▶ _What you are asked to do_
Leaving out all pictures, write out word for word the lines from the one containing "Набор для бондажа" to the end of the data below.

--- --- ---

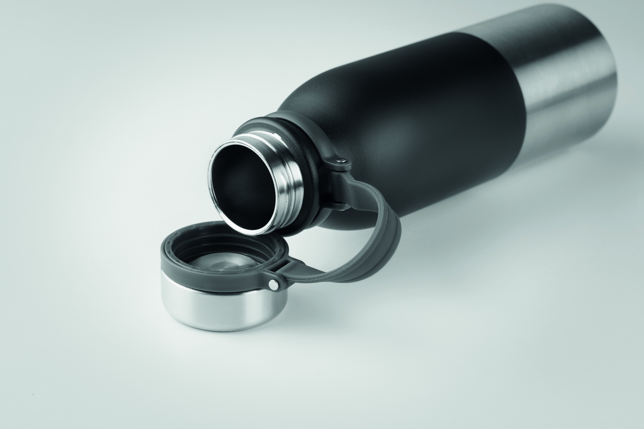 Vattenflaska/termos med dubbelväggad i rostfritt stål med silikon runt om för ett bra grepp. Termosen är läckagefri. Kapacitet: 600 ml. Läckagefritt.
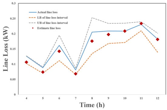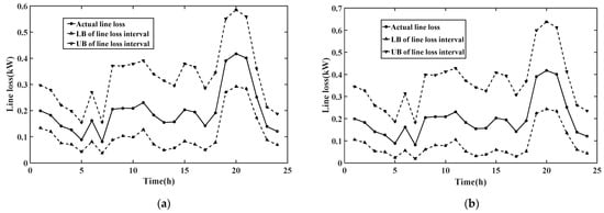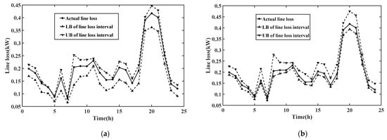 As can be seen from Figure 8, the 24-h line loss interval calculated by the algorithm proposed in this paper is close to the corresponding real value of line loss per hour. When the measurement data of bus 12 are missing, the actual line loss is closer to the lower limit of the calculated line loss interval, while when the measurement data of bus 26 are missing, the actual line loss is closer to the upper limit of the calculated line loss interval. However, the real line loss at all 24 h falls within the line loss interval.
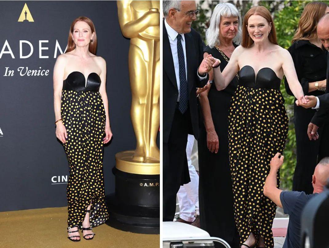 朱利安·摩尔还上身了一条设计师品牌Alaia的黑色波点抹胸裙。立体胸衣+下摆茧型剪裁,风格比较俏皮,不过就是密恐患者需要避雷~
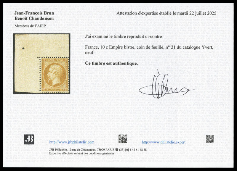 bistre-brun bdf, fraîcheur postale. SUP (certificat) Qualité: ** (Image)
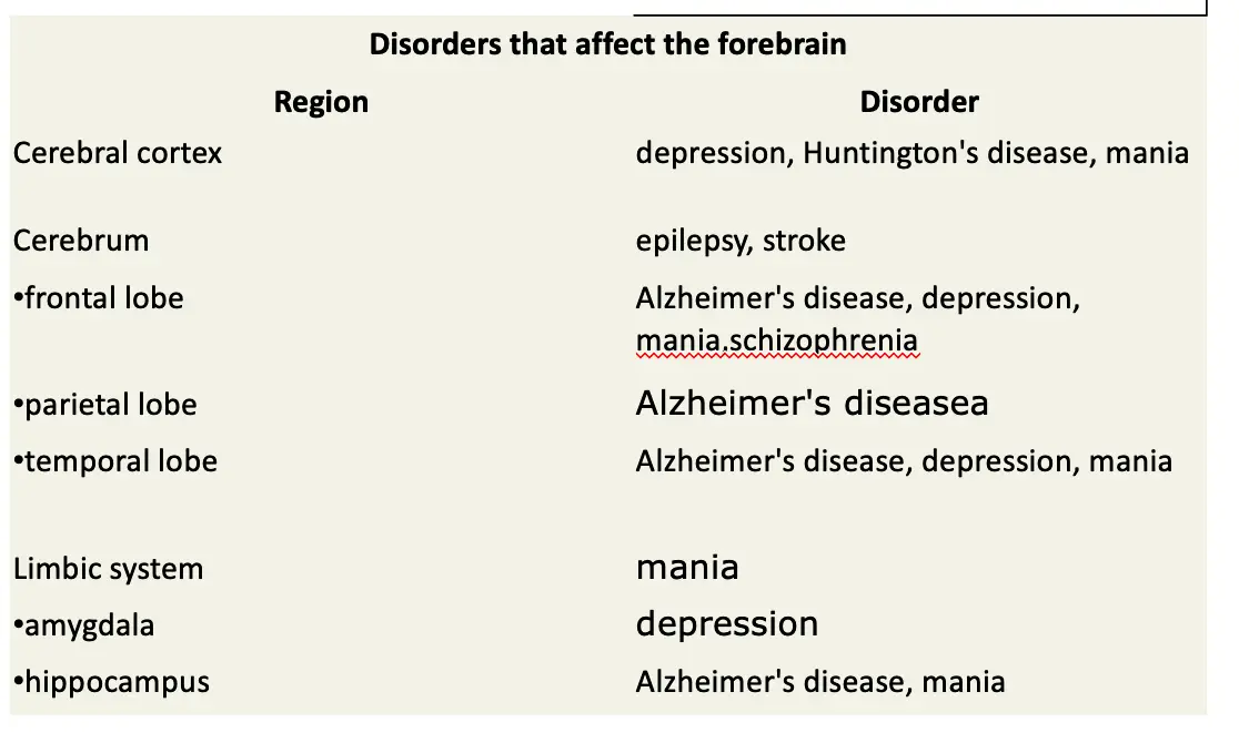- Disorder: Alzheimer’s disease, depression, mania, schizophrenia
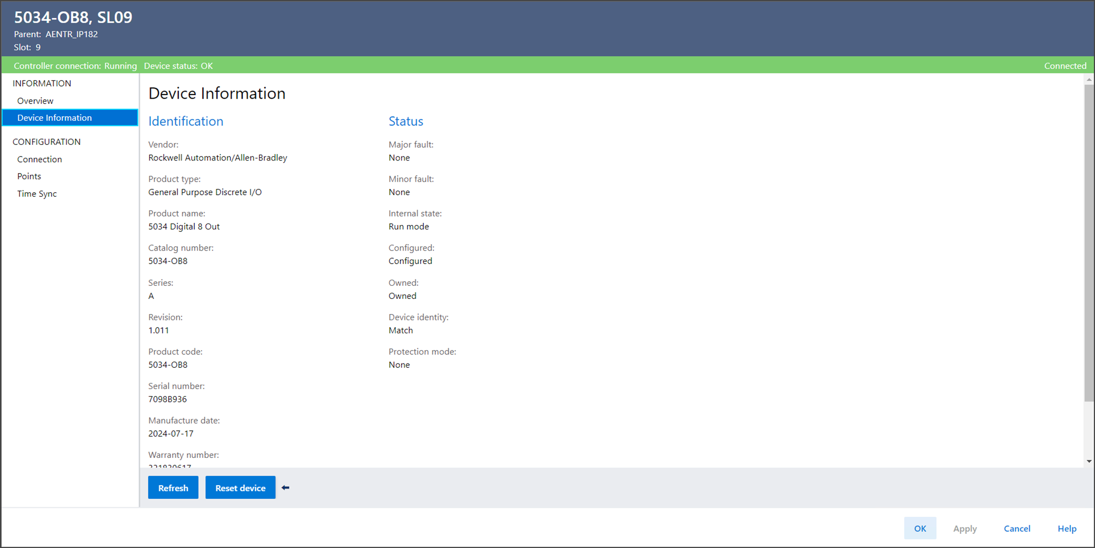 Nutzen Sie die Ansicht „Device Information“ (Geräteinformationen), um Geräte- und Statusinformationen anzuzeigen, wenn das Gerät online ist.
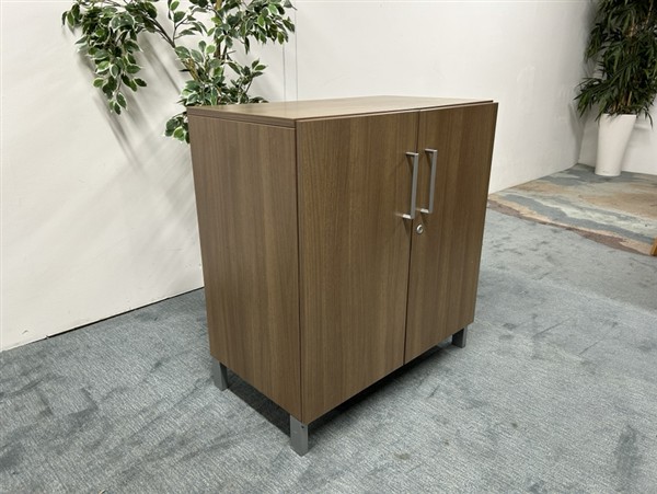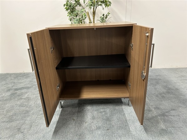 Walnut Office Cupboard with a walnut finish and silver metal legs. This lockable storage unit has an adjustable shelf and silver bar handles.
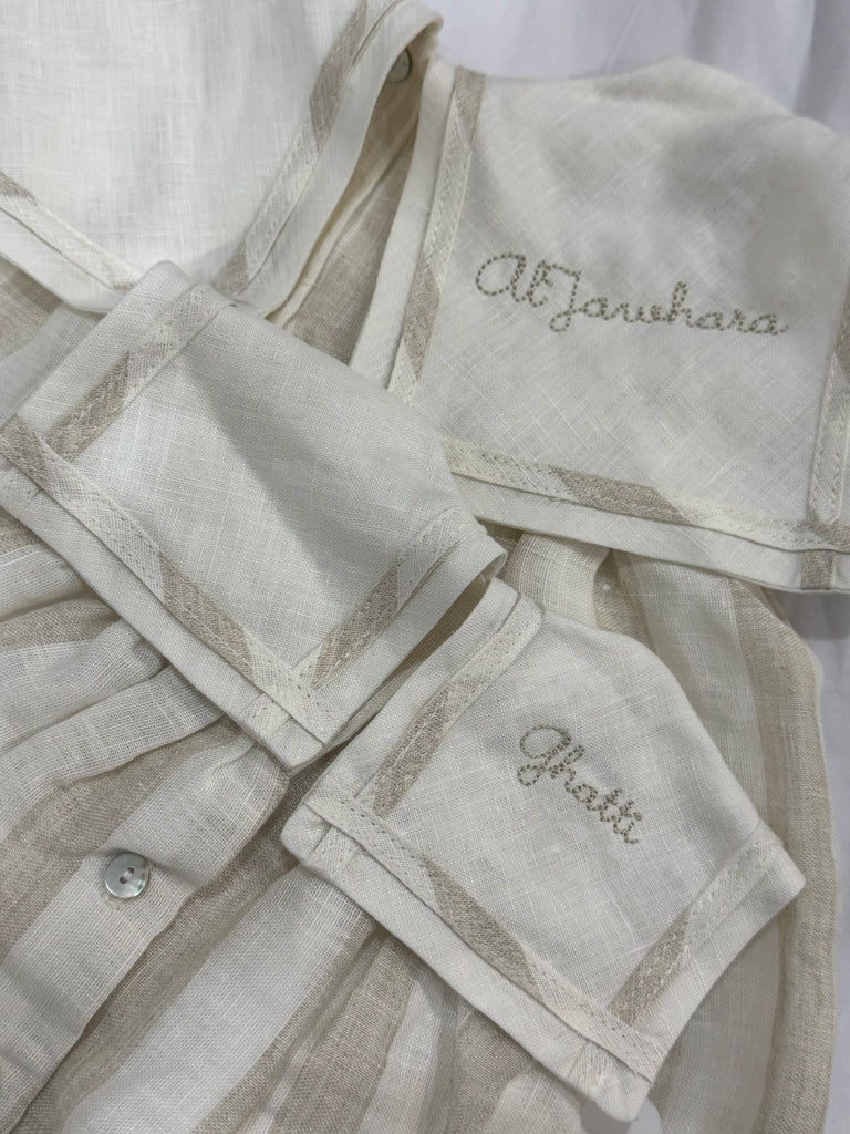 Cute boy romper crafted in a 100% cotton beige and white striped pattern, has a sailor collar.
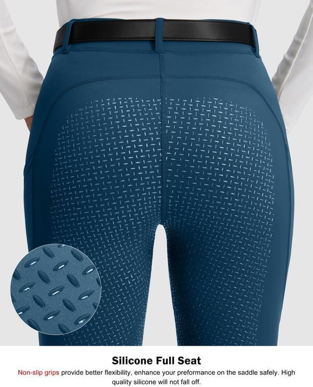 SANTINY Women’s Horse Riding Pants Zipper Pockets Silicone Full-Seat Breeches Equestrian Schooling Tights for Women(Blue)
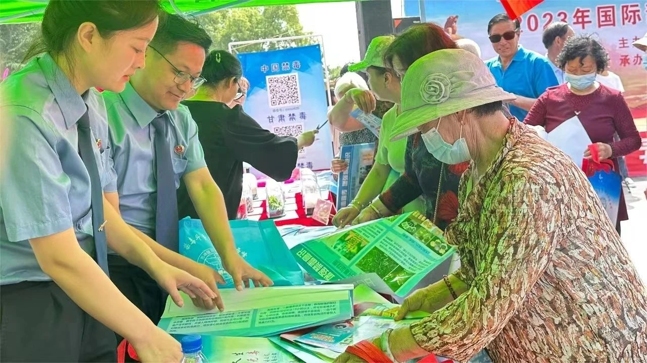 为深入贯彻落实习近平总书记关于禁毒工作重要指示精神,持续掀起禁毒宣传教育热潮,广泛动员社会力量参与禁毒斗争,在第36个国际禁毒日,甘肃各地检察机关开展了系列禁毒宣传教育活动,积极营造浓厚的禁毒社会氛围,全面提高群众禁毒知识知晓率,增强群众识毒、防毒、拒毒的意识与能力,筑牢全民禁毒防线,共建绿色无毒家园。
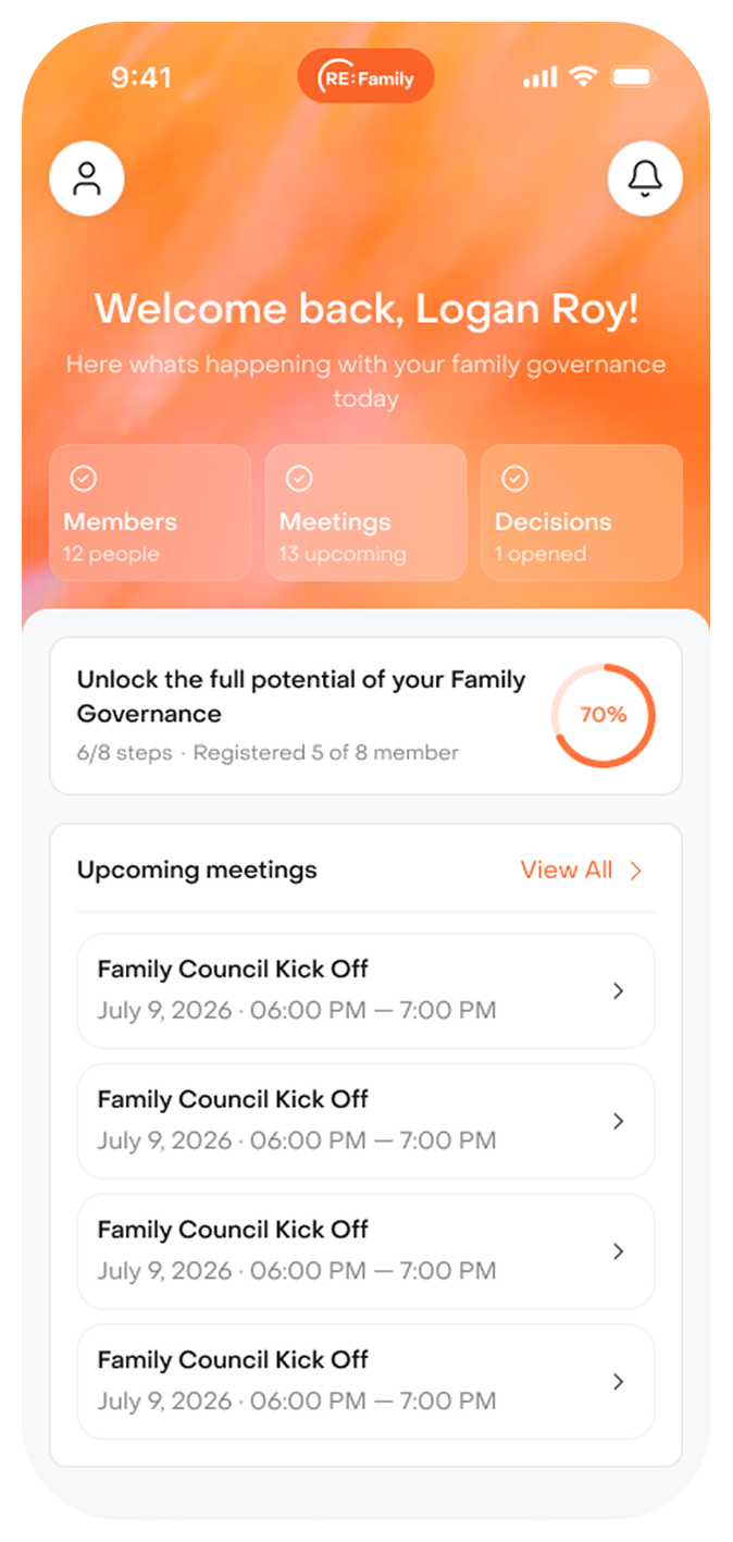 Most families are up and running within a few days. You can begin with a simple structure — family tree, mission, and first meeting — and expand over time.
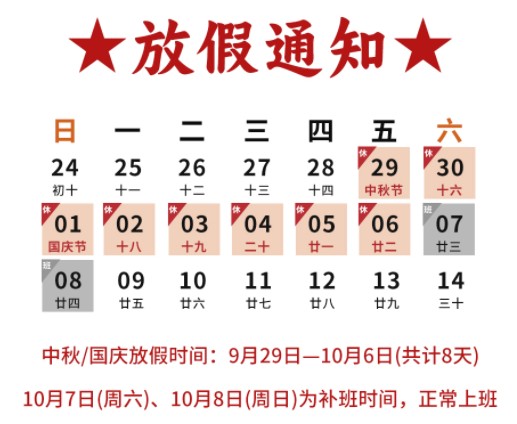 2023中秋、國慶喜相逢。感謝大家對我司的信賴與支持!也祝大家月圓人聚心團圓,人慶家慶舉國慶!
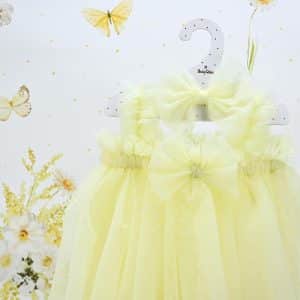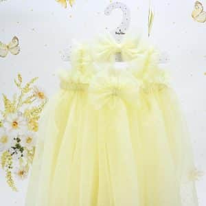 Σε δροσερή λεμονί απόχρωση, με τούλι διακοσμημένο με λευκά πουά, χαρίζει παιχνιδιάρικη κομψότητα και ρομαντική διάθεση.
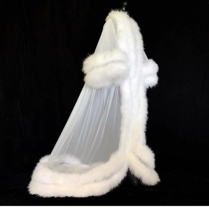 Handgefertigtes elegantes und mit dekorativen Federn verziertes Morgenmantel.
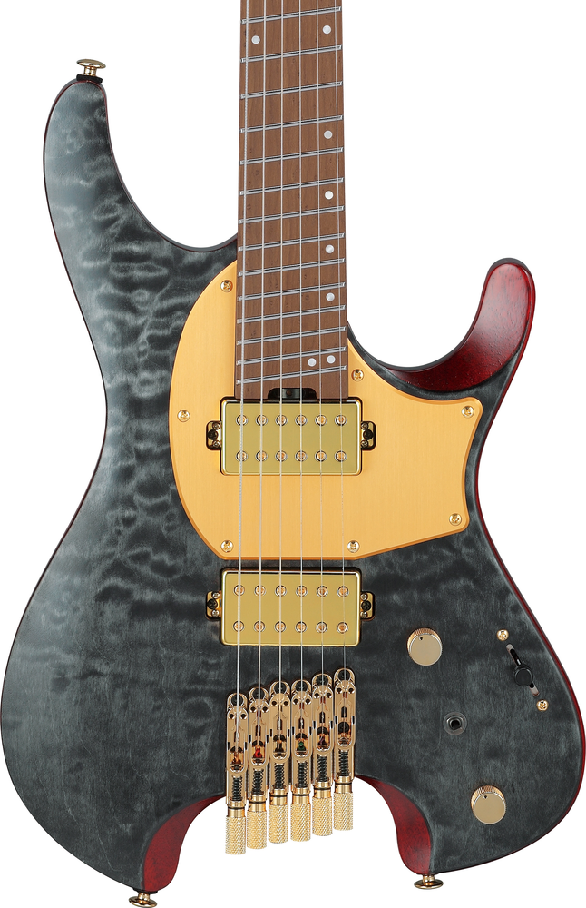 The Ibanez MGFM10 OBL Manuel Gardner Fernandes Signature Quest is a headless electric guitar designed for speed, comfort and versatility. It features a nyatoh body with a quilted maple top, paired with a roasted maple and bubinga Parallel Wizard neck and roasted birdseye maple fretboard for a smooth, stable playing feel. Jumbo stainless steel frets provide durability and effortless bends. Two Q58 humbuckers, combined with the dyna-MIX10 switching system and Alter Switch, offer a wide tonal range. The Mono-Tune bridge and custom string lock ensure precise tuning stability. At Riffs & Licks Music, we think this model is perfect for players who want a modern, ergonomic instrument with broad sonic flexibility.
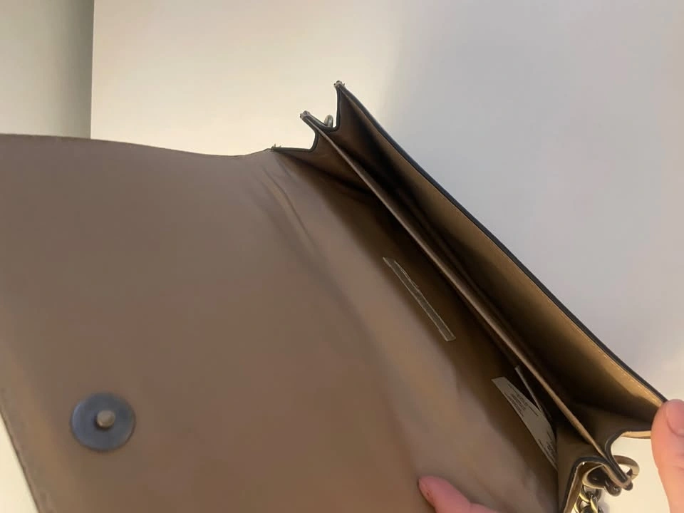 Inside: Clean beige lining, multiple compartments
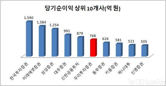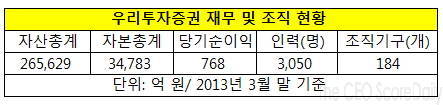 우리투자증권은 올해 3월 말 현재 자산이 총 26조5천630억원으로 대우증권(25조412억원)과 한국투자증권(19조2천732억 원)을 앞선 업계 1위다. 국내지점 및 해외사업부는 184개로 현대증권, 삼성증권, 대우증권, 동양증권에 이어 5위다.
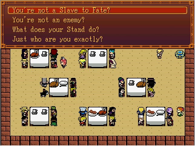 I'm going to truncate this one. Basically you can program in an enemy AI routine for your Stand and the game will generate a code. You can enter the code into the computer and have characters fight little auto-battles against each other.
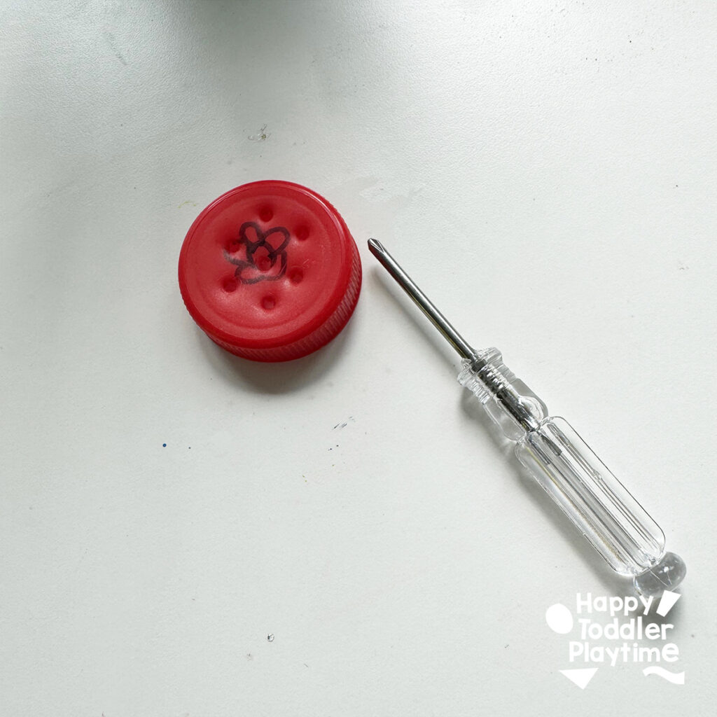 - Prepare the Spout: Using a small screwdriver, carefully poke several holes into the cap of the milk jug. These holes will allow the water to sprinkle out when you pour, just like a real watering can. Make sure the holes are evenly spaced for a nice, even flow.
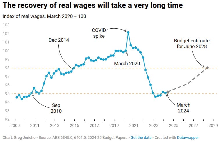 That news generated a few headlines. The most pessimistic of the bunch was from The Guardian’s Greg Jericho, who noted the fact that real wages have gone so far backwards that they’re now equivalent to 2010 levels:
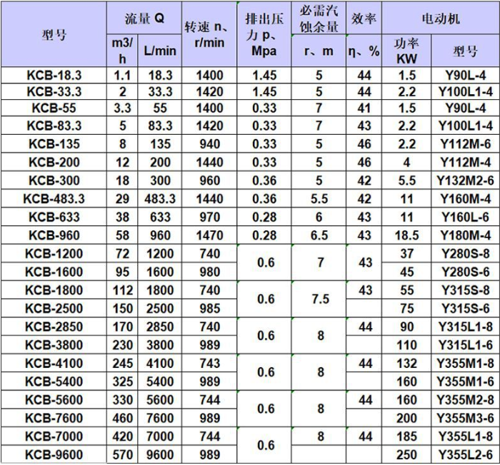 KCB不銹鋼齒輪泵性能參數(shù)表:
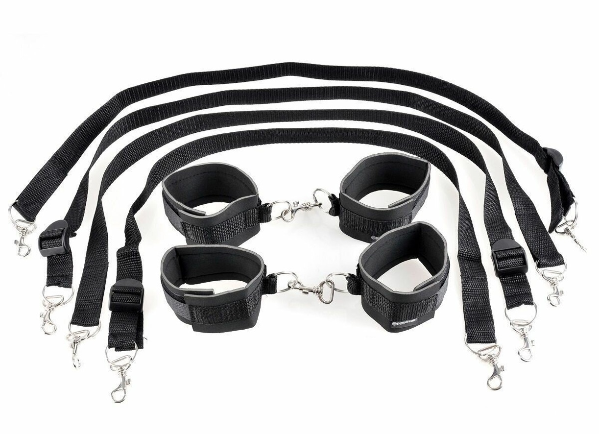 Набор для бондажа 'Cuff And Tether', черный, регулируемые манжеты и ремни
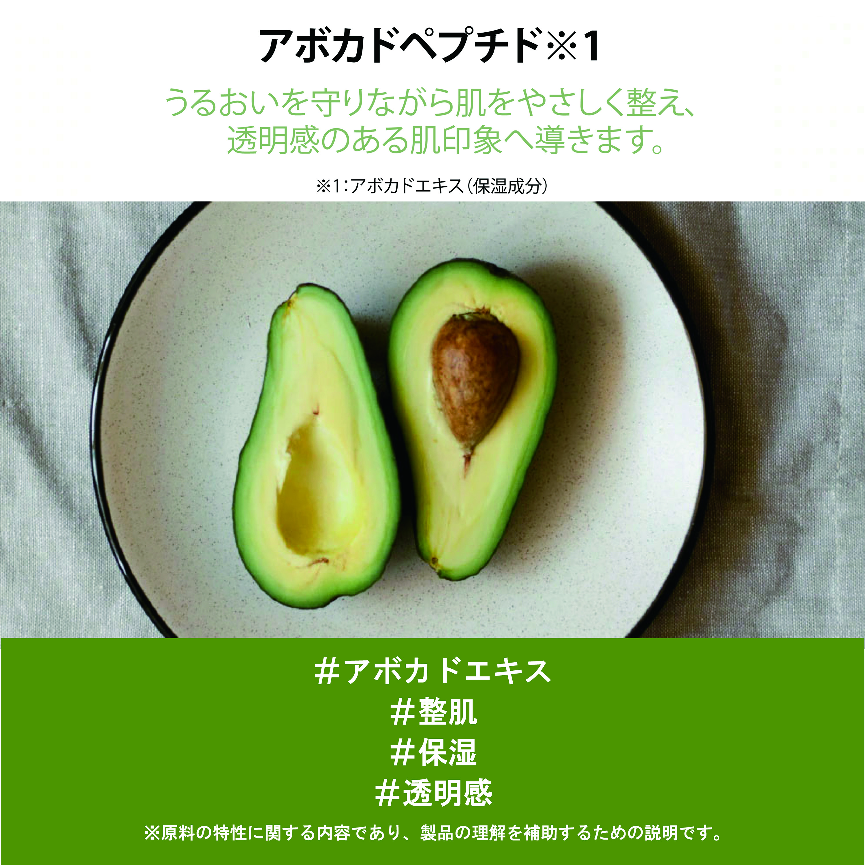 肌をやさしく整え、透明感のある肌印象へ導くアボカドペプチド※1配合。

--- --- ---

▶ _Output below_
 Набор для бондажа 'Cuff And Tether', черный, регулируемые манжеты и ремни
 肌をやさしく整え、透明感のある肌印象へ導くアボカドペプチド※1配合。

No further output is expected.